Let's say that you have 85 projects. For the sake of this discussion, let's say 25 of those projects need to be completed by a specific date. There may be multiple steps/actions for each of these projects. In some cases you might have a project plan with dates and in other cases you may not have a full blown plan with dates yet.

How do you ensure that you will achieve the end project date? How do you know that there will be sufficient time for all the action steps to result in reaching the end target date on time? How do you know if you need to re-negotiate the deadline with yourself or your boss or if you can move it to someday/maybe? How do you know you don't have too many project action steps ready to collide?
 
Two Words...

Weekly Review

Do it. Love it. Trust it. It will be your best friend and best safety net with Projects. Trust David Allen on this one--it's the critical success factor of GTD and will give you the best insurance policy you could ask for to trust you'll achieve the end date and next actions won't collide.
 
At a higher level you can manage your project timelines with Microsoft Project or even Excel. These software are used to track project phases not next actions. Review this each week as part of your weekly review. Also you can put guideline dates on your task - I write a date in the description field of my task of when I would ideally like it done by, and I know it's not a deadline, and doesn't go on my calendar, but if I see I'm well past it I know to review the project plan again to make sure its on track or needs adjusting.
 
"Specific date" = "yesterday".

debbieg;82554 said:
Let's say that you have 85 projects. For the sake of this discussion, let's say 25 of those projects need to be completed by a specific date.

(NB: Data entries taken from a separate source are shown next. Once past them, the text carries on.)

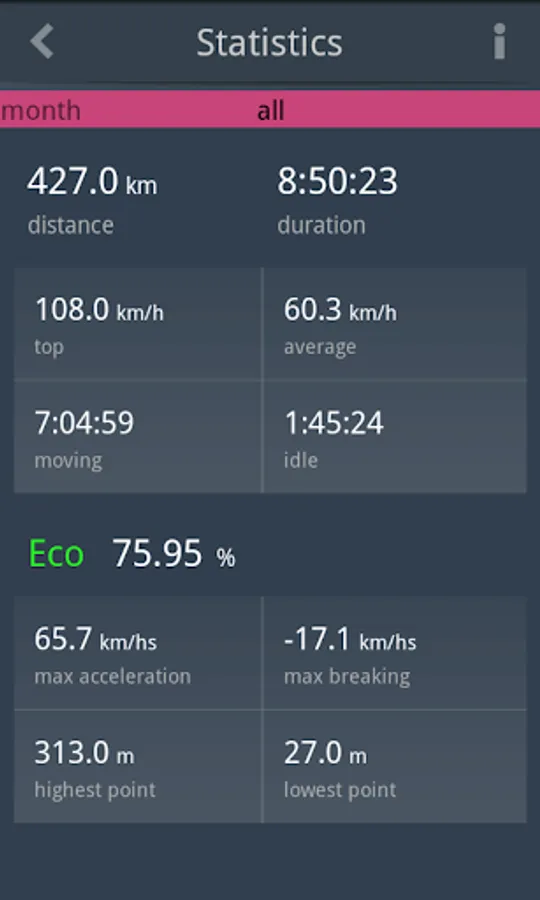 ● All useful indicators are on the main screen, thus allowing you to control the elapsed distance, time, acceleration, height, maximum and average speed. You can switch between indicators of maximum and average speed, haul and time of various periods with a single touch.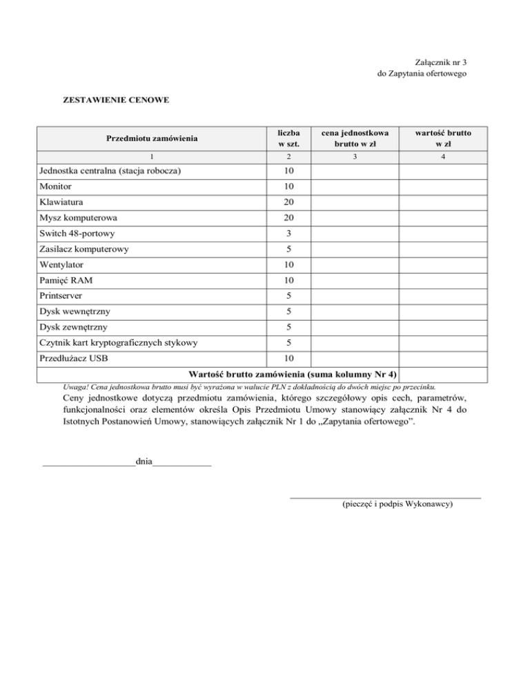 Załącznik nr 3 do Zapytania ofertowego ZESTAWIENIE CENOWE Przedmiotu zamówienia liczba w szt. cena jednostkowa brutto w zł wartość brutto w zł 1 2 3 4 Jednostka centralna (stacja robocza) 10 Monitor 10 Klawiatura 20 Mysz komputerowa 20 Switch 48-portowy 3 Zasilacz komputerowy 5 Wentylator 10 Pamięć RAM 10 Printserver 5 Dysk wewnętrzny 5 Dysk zewnętrzny 5 Czytnik kart kryptograficznych stykowy 5 Przedłużacz USB 10 Wartość brutto zamówienia (suma kolumny Nr 4) Uwaga! Cena jednostkowa brutto musi być wyrażona w walucie PLN z dokładnością do dwóch miejsc po przecinku. Ceny jednostkowe dotyczą przedmiotu zamówienia, którego szczegółowy opis cech, parametrów, funkcjonalności oraz elementów określa Opis Przedmiotu Umowy stanowiący załącznik Nr 4 do Istotnych Postanowień Umowy, stanowiących załącznik Nr 1 do „Zapytania ofertowego”. ___________________dnia____________ _______________________________________ (pieczęć i podpis Wykonawcy)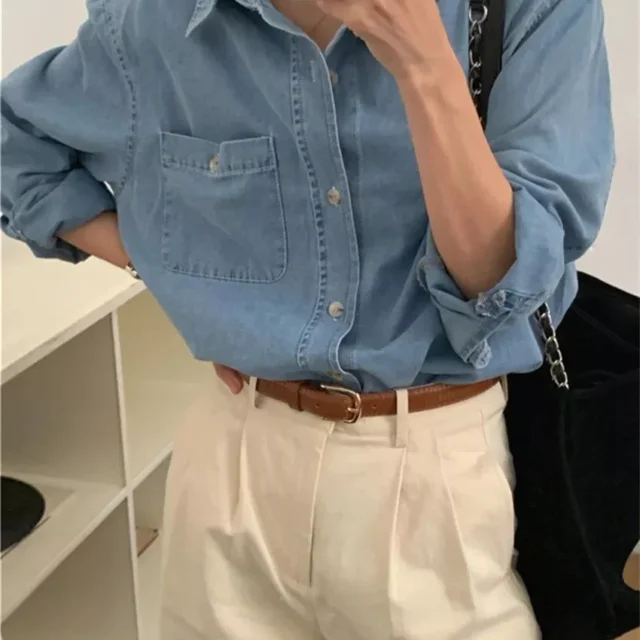 Our Denim Blouse boasts a light-washed, soft fabric blend that offers both durability and ease, making it ideal for the spring and summer seasons. The full sleeves provide coverage yet allow for free movement, ensuring you stay comfortable all day long. Its turn-down collar and single-breasted closure type add a touch of classic denim shirt aesthetics, while the straight clothing pattern flatters your silhouette without compromising on comfort. The thin material composition is perfect for layering on cooler days or wearing alone when the sun is shining. Plus, it’s designed with a non-stretch fabric, ensuring the blouse maintains its shape wear after wear.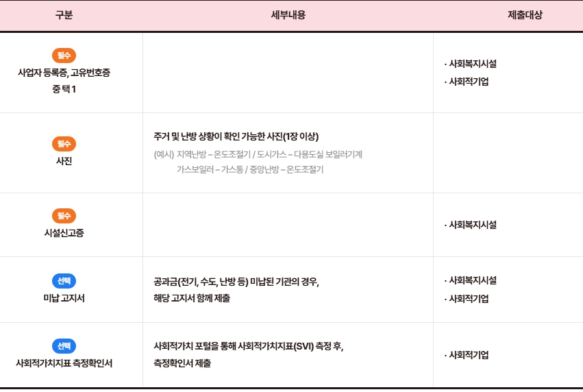 난방비 지출로 어려움을 겪는 사회복지시설과 사회적기업도 지원 대상에 포함됩니다. 단, 비인가 복지시설과 예비 사회적기업은 지원이 제한되며, 작년 수혜 기관 역시 중복신청이 불가합니다.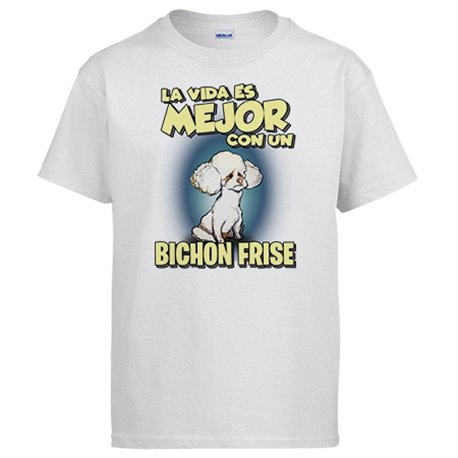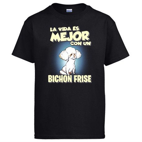 Camiseta la vida es mejor con un perro de raza Bichon Frise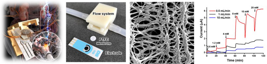 - 최근 오간온어칩, 인공장기 등의 연구가 활발해짐에 따라 유속조건에서 측정이 가능한 바이오센서의 필요성이 더욱 증가하고 있습니다. MIN Lab.에서는 기능성 고분자 박막 코팅 등의 표면개질 및 증착 공정기술을 활용하여 유속조건에서도 측정이 가능한 실시간 모니터링용 바이오센서 연구를 수행하고 있습니다. 상온에서 기상증착이 가능하며, 기능성 아민(amine)기를 가지는 파릴렌-A(parylene-A)의 코팅을 통하여 다공성 막의 표면개질을 진행하고, 고밀도로 개질된 표면 아민기를 활용하여 효소를 고정화 하였습니다. 이를 유속 챔버에 장착하고 유속조건하에서 요독 모니터링을 실시한 결과, 10 mL/min의 고유속 조건에서도 요독 측정이 가능함을 확인하였습니다. 또한 복막투석액, 혈청 등의 시료에서도 측정이 가능함을 확인하였습니다.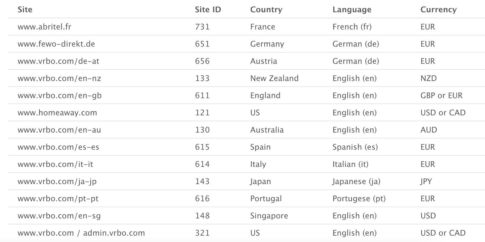 | Vrbo (Singapur) | Inglés (en) | USD |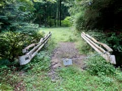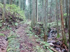 谷が右に折れると穏やかな道となり、緊張が解れる。やがて作業道に出て、短い橋で支流の沢を渡る。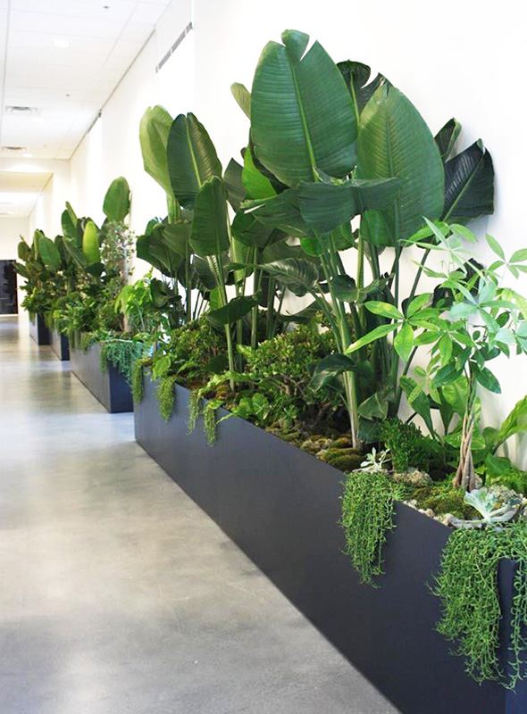Растения необходимо ставить не только на окнах, но и по возможности в рабочей зоне каждого сотрудника. Доказано, что в течение рабочего дня умственная активность падает, так как наш мозг тратит много энергии на выполнение заданий. Лучше всего восстанавливают силы растения или животные, например, рыбки. Цветы и растения также помогают сделать зонирование помещения, снизить уровень шума и его влияние на отдельных сотрудников. Это особенно необходимо для тех, чьи столы расположены рядом с выходом, раздевалкой, кулером.

We can also assume that the "specific date" for these projects is "yesterday" which is common in many non-GTD environments. :-)
 
Sequencing projects

I have touched upon this topic in previous posts. I too, as I am sure many others, have to be careful with managing many major projects and tracking where they are and what needs more focus, etc. The weekly review is so important -- enough said about that.

One thing I do is to sequence my projects with start dates and completion dates for almost all of them. So I will have a number of projects that are inactive because the start date is not here yet. One has to be careful with focus and not try to move too many projects forward at the same time.

What do others think?

-Longstreet
 
debbieg;82554 said:
How do you ensure that you will achieve the end project date? How do you know that there will be sufficient time for all the action steps to result in reaching the end target date on time? How do you know if you need to re-negotiate the deadline with yourself or your boss or if you can move it to someday/maybe? How do you know you don't have too many project action steps ready to collide?

Review, Review, Review. If a weekly review is not giving you enough data start doing one twice a week or even daily for a while until you are comfortable with your actions and process.